Claude Agent SDK
This provider makes Claude Agent SDK available for evals through its TypeScript SDK.
The Claude Agent SDK was formerly known as the Claude Code SDK. It's still built on top of Claude Code and exposes all its functionality.
Provider IDs
You can reference this provider using either:
anthropic:claude-agent-sdk
(full name)anthropic:claude-code
(alias)
Installation
The Claude Agent SDK provider requires the @anthropic-ai/claude-agent-sdk
package to be installed separately:
npm install @anthropic-ai/claude-agent-sdk
This is an optional dependency and only needs to be installed if you want to use the Claude Agent SDK provider.
Setup
The easiest way to get started is with an Anthropic API key.
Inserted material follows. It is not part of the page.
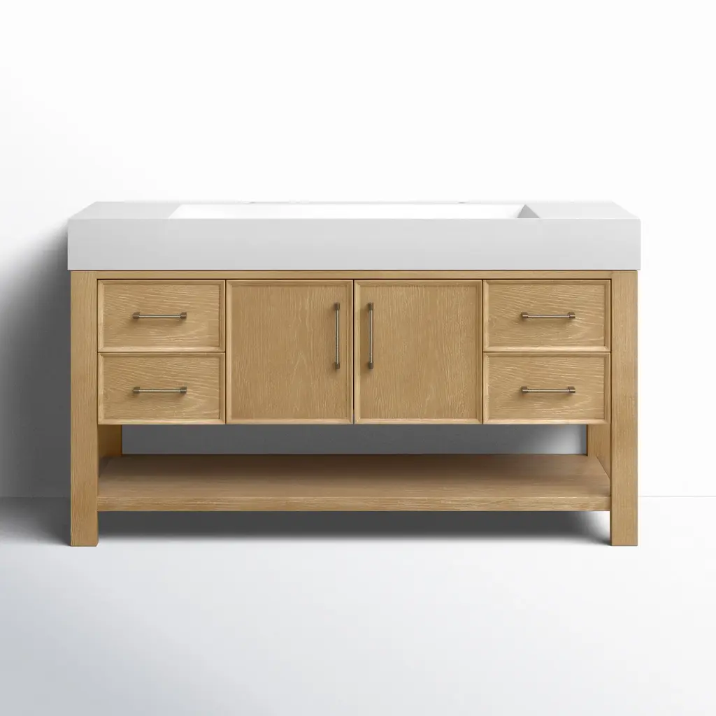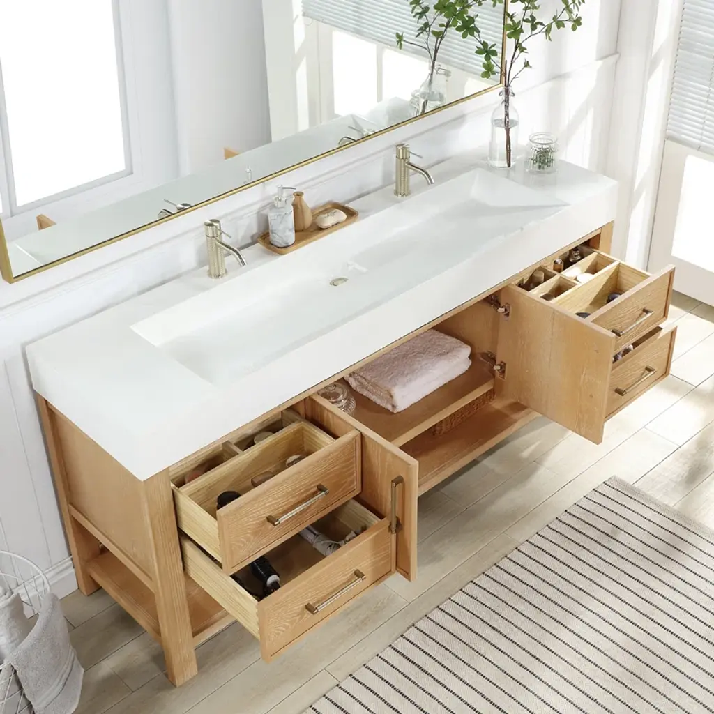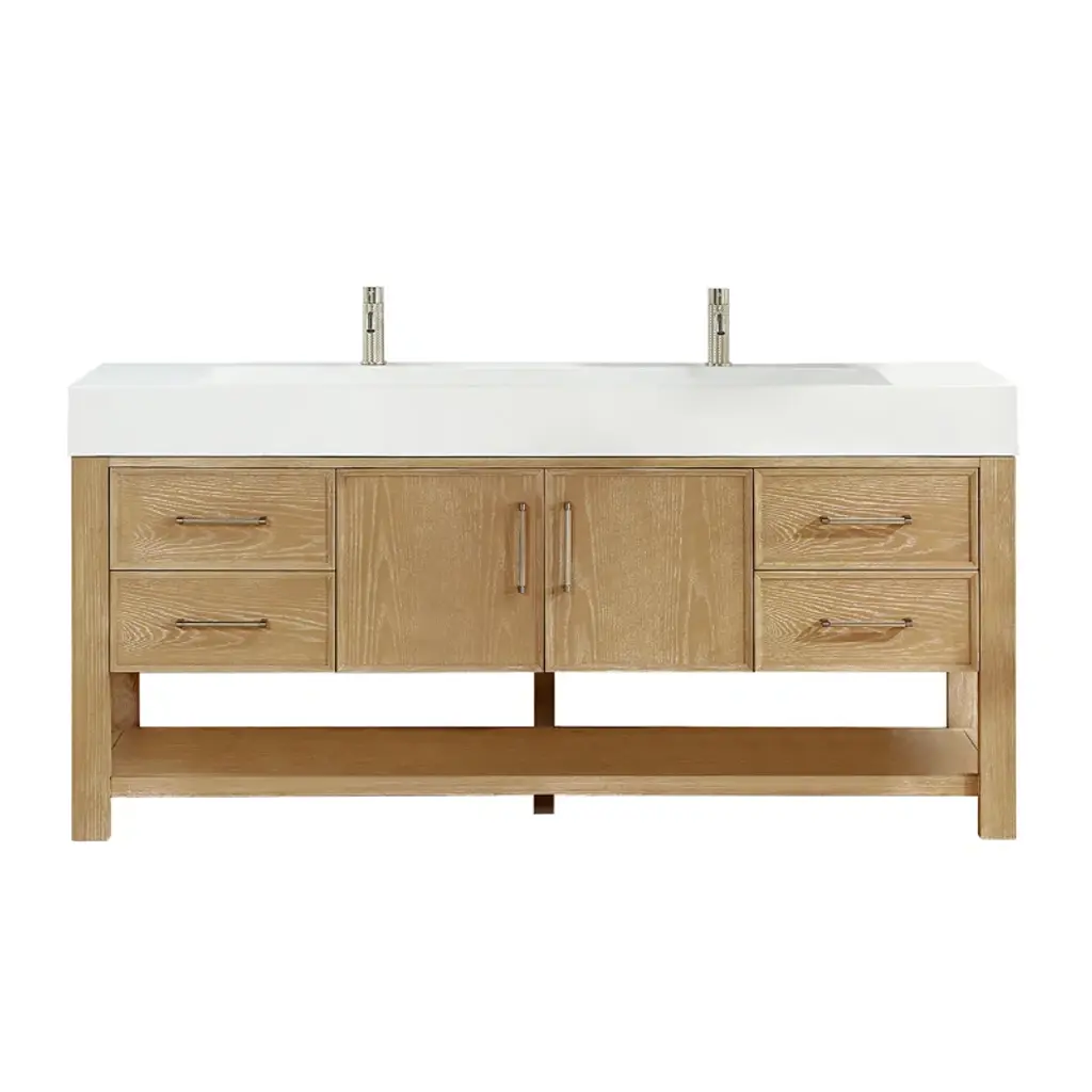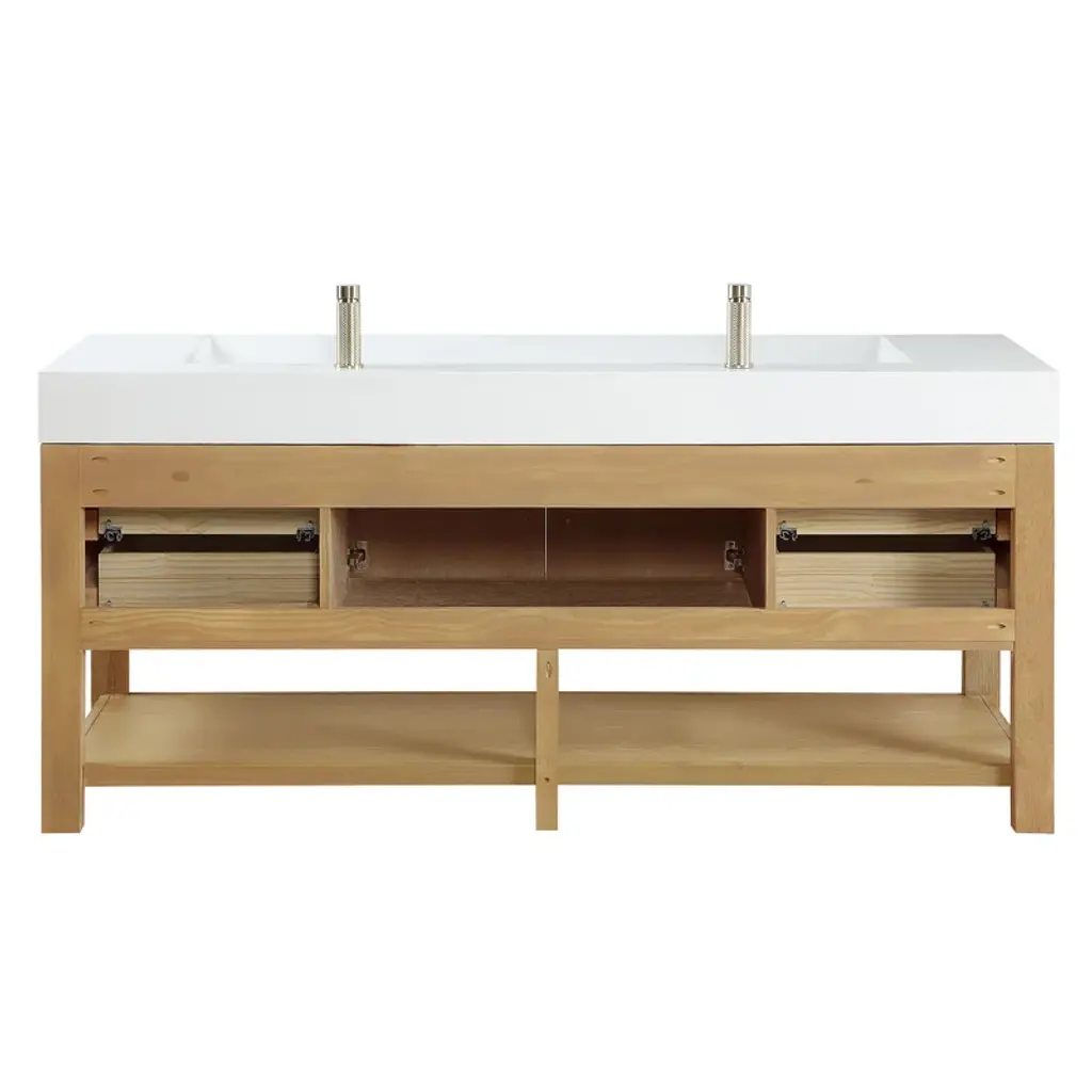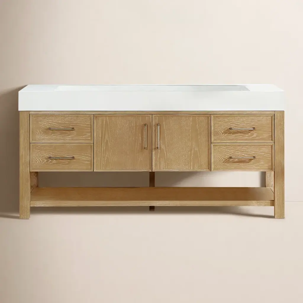 Constructed from premium solid wood with a warm, earthy finish, our Berenize series vanity is the perfect marriage of durability, style, and convenience. Its minimalist design, clean lines, and crisp white countertop give this piece a decidedly modern aesthetic, making it a chic addition to any master or guest bath. Storage abounds in this eco-friendly piece, featuring spacious drawers and cabinets and an open shelf below.

You can set it with the ANTHROPIC_API_KEY
environment variable or specify the apiKey
in the provider configuration.
Create Anthropic API keys here.
Example of setting the environment variable:
export ANTHROPIC_API_KEY=your_api_key_here
Other Model Providers
Apart from using the Anthropic API, you can also use AWS Bedrock and Google Vertex AI.
For AWS Bedrock:
- Set the
CLAUDE_CODE_USE_BEDROCK
environment variable totrue
:
export CLAUDE_CODE_USE_BEDROCK=true
- Follow the Claude Code Bedrock documentation to make credentials available to Claude Agent SDK.
For Google Vertex:
- Set the
CLAUDE_CODE_USE_VERTEX
environment variable totrue
:
export CLAUDE_CODE_USE_VERTEX=true
- Follow the Claude Code Vertex documentation to make credentials available to Claude Agent SDK.
Quick Start
Basic Usage
By default, Claude Agent SDK runs in a temporary directory with no tools enabled, using the default
permission mode. This makes it behave similarly to the standard Anthropic provider. It has no access to the file system (read or write) and can't run system commands.
providers:
- anthropic:claude-agent-sdk
prompts:
- 'Output a python function that prints the first 10 numbers in the Fibonacci sequence'
When your test cases finish, the temporary directory is deleted.
With Working Directory
You can specify a specific working directory for Claude Agent SDK to run in:
providers:
- id: anthropic:claude-agent-sdk
config:
working_dir: ./src
prompts:
- 'Review the TypeScript files and identify potential bugs'
This allows you to prepare a directory with files or sub-directories before running your tests.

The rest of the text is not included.